I have a class A with a

public String toString() {
}

method.

It gets compiled. Also, I have开发者_高级运维 several implementations of that method as a method body. This implementation uses A's fields.

I want to be able to dynamically substitute the contents of the toString() method with such or such an implementation. The point here is that I need A's fields in the implementation.

I must say, I cannot create subclasses of A. I must use this class only.

As I can guess, each implementation must be compiled before the first usage. But how would one do that?


The simplest solution would probably be to use a flag variable and analyze it before invoking such or such a method or even put everything into toString and use switch. But what if A doesn't know anything about its implementation itself? Can they be decoupled - the A class and its toString implementations?


I guess in theory you could create multiple classes called A with different implementations of the toString() method, and then dynamically load them with different classloaders, etc. However, from the JVM's perspective they WILL be different classes, and you won't be able to convince the JVM differently.
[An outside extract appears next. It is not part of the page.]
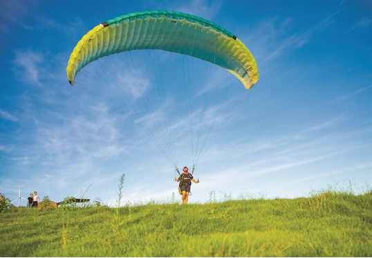 8月8日,位于橫峰縣葛源鎮(zhèn)的米頭尖滑翔傘基地,吸引了眾多游客前來(lái)打卡體驗(yàn)。游客們可在此與白云相擁、與山野對(duì)話,從空中俯瞰峰林景觀,感受低空飛行的獨(dú)特魅力。

So you won't end up "winning".


A more practical approach might be something like this:

class A {
    Formatter f;
    A(Formatter f) {
        this.f = f;
    }
    ...
    @Override 
    public String toString() {
        return f.format(this);
    }
}

and write lots of classes to implement the Formatter interface.


I don't get the point of doing so and what you mean exactly by 'dynamically substitute' it, but you could add an additional field to A which you use to switch over the implementations. Something along the following lines. You can then 'dynamically' switch to different implementations by changing this mode variable.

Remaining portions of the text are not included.